Note that it is theoretically possible that The Episcopal Church could be excluded from the ACC (& not be "Anglican") but still be invited to Lambeth (not that I think that will happen, but it could).

Posted by: Prior Aelred on Tuesday, 6 February 2007 at 9:43pm GMT

Prior Aelred writes: "Note that it is theoretically possible that The Episcopal Church could be excluded from the ACC (& not be "Anglican") but still be invited to Lambeth (not that I think that will happen, but it could)."

Indeed. The Utrecht Old Catholics are also invited to Lambeth, but are not in the ACC. Meanwhile Anglicans and Utrecht Old Catholics (not to be confused with the various episcopi vagantes in North America using the "Old Catholic" name) are in full communion as per the Bonn Agreement of 1931.
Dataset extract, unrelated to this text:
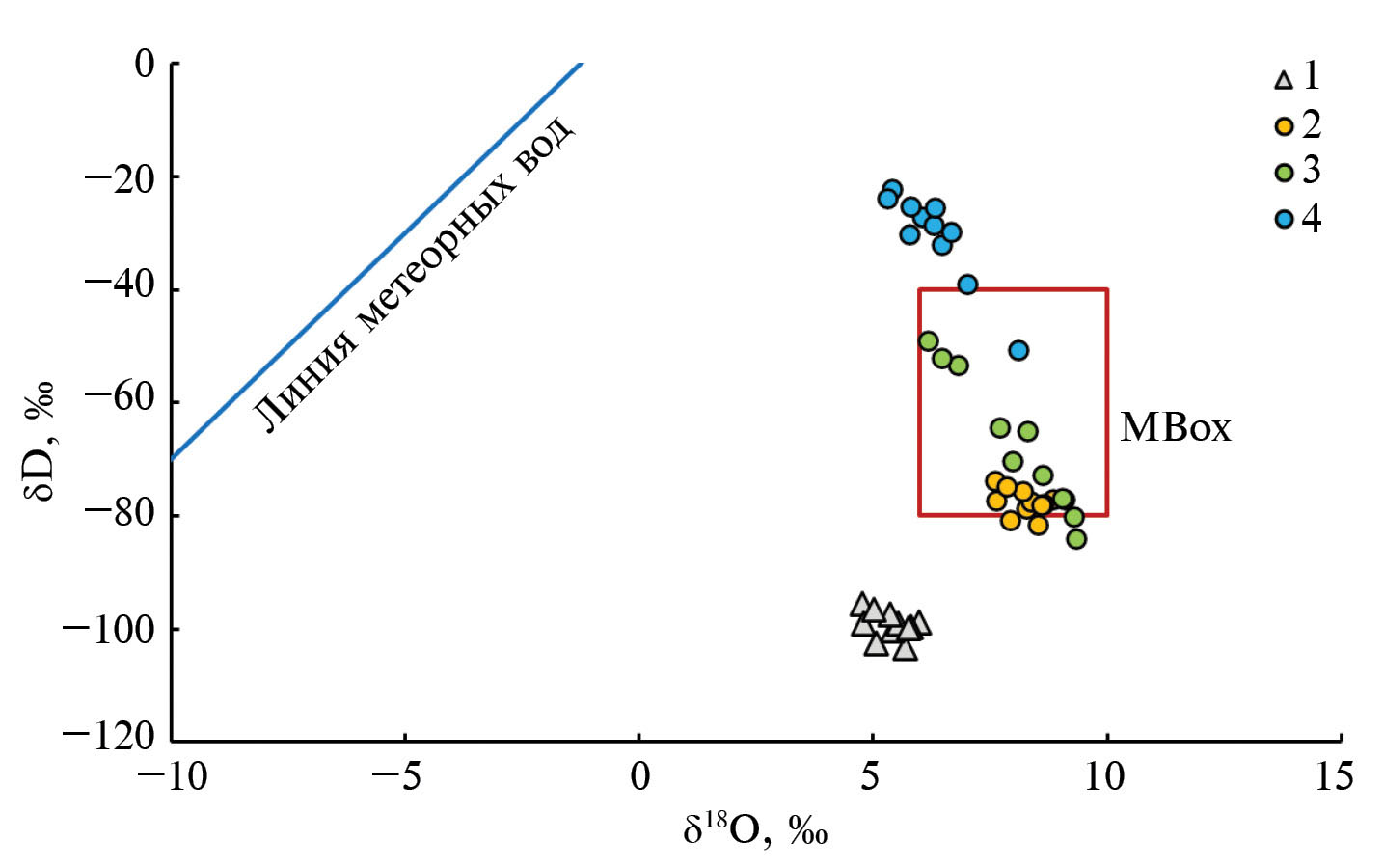 Рис. 14. Изотопные характеристики (δ18О и δD) биотита гранитов Эльджуртинского массива (1) и рассчитанные параметры водного компонента флюида (2–4), равновесного с биотитом при: 2 – температуре формирования биотита, согласно Ti–ХMg термометру; 3 – температуре закрытия изотопной системы кислорода кварца; 4 – температуре закрытия биотита (расчет по методу Farquhar et al., 1993) (см. пояснения в тексте). МВох – “магматический” бокс.

One wonders if ECUSA will end up leaving the Anglican Communion (either willingly or kicked out), but still somehow remain in full communion on the same level as the Utrecht churches (wild-eyed ideas of ECUSA joining the Union of Utrecht instead of the Anglican Communion notwithstanding). ECUSA would technically not be "Anglican" in the mainstream sense of the word, but certainly would still be in communion with Canterbury and other Anglican churches.

Posted by: Walsingham on Tuesday, 6 February 2007 at 10:18pm GMT

I can't see why ECUSA couldn't join the Old Catholics.
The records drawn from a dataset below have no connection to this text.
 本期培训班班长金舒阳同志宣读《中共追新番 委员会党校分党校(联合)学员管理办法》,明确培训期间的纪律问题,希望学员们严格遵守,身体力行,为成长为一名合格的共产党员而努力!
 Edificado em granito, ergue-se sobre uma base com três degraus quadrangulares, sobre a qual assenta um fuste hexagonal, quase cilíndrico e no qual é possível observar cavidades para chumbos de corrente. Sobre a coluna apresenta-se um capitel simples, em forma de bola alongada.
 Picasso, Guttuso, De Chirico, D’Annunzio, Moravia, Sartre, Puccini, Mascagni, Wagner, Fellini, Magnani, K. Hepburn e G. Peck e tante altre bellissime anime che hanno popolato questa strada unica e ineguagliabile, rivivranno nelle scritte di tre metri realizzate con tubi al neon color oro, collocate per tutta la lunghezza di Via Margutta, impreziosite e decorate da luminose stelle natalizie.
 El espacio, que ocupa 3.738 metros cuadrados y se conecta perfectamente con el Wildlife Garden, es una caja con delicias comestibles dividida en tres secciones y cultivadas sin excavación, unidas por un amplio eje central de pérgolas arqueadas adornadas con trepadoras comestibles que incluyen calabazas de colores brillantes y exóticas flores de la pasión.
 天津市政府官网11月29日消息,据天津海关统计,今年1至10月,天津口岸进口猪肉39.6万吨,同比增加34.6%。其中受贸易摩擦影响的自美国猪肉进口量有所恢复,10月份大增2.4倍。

They are high-church in style, but theologically liberal,and allow gay priests in relationships.

Posted by: Merseymike on Tuesday, 6 February 2007 at 11:12pm GMT

About women bishops --

Currently Presiding Bishop Jefferts Schori (like any woman priest who was ordained by a male bishop whose orders are recognized by the CofE) could legally preside at a celebration of the Eucharist in England, but not perform any Episcopal functions. However, a man who was ordained to the priesthood by her could not do so, unless the C of E eventually DOES approve of women in the episcopate, whereupon said male priest's orders would be retroactively valid.

Is that correct?

Posted by: Prior Aelred on Tuesday, 6 February 2007 at 11:59pm GMT

Mynsterpreost,

Actually, I was on a thread a couple of week's ago where there was a man posting that he had moved from supporting ordination of women and moved the other way after the fact. I can't remember his reasoning. But that is the only case of which I have heard.

Love and Prayers,
Ann Marie

Posted by: Ann Marie on Wednesday, 7 February 2007 at 1:10am GMT

From Athos: "But if you are reduced to ad hominen arguemnts and name calling it just confirms me in my suspicions that your theological arguments aren't up to much."
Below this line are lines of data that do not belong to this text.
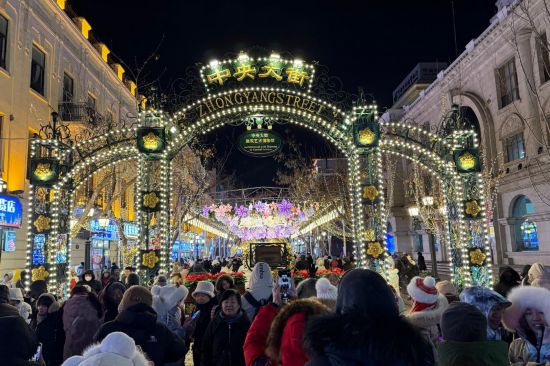 2024年12月26日,哈尔滨中央大街游东谈主如织。新华社记者 杨念念琪摄
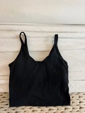 Cropped tank top with scoop neckline. Thin shoulder straps for a sleek fit. Center front lululemon logo. Smooth, stretchy athletic fabric.
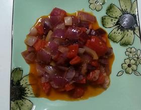 准备洗净的洋葱和番茄,洋葱切成小块,番茄去皮切成小块。(忘记拍照了)
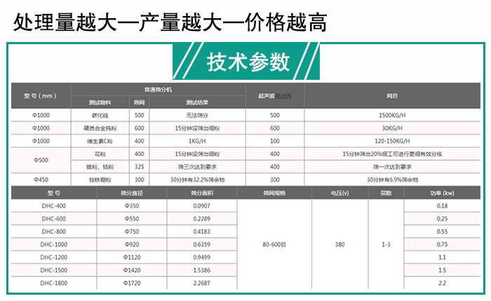 花粉超聲波振動(dòng)篩價(jià)格差異大的一大因素就是因?yàn)楫a(chǎn)量的差異非常大,產(chǎn)量越高,篩分的物料就越多,帶來的經(jīng)濟(jì)效益就越多,價(jià)格就越高。具體的參數(shù)如上圖所示。

I've noticed much more lately that when traditionalists can't hold their own in a discussion with progressives, they resort to cries of "ad hominum attack!".

When that happens, the discussion has pretty much concluded because they're unable to support their theses any further.


Posted by: Cranmer49 on Wednesday, 7 February 2007 at 3:19am GMT

Thanks for clarifications about who determines who is Anglican.

Apologies, Aaron, I meant Athos.

Athos: "it is a simple historical fact that the consistent witness of the universal Church has been to restrict the presbyterate and episcopate to men." Still the case for Roman Catholicism and Orthodoxy, but not for the churches of the Reformation. If you want to stick to this position, you could become RC or Orthodox -- and keep your fingers crossed that women presbyters will not be ordained in those churches as well! Doubts about the validity of female ordination would seem to imply the suspicion that churches practising it are in a state of apostasy or deadly error. You have the right to think so and to soldier on in the hope that your church will reverse the error. But it would be a happier situation if you could take it that Christ has given a wide charter of freedom to his churches in how they deal with ministry and sacraments.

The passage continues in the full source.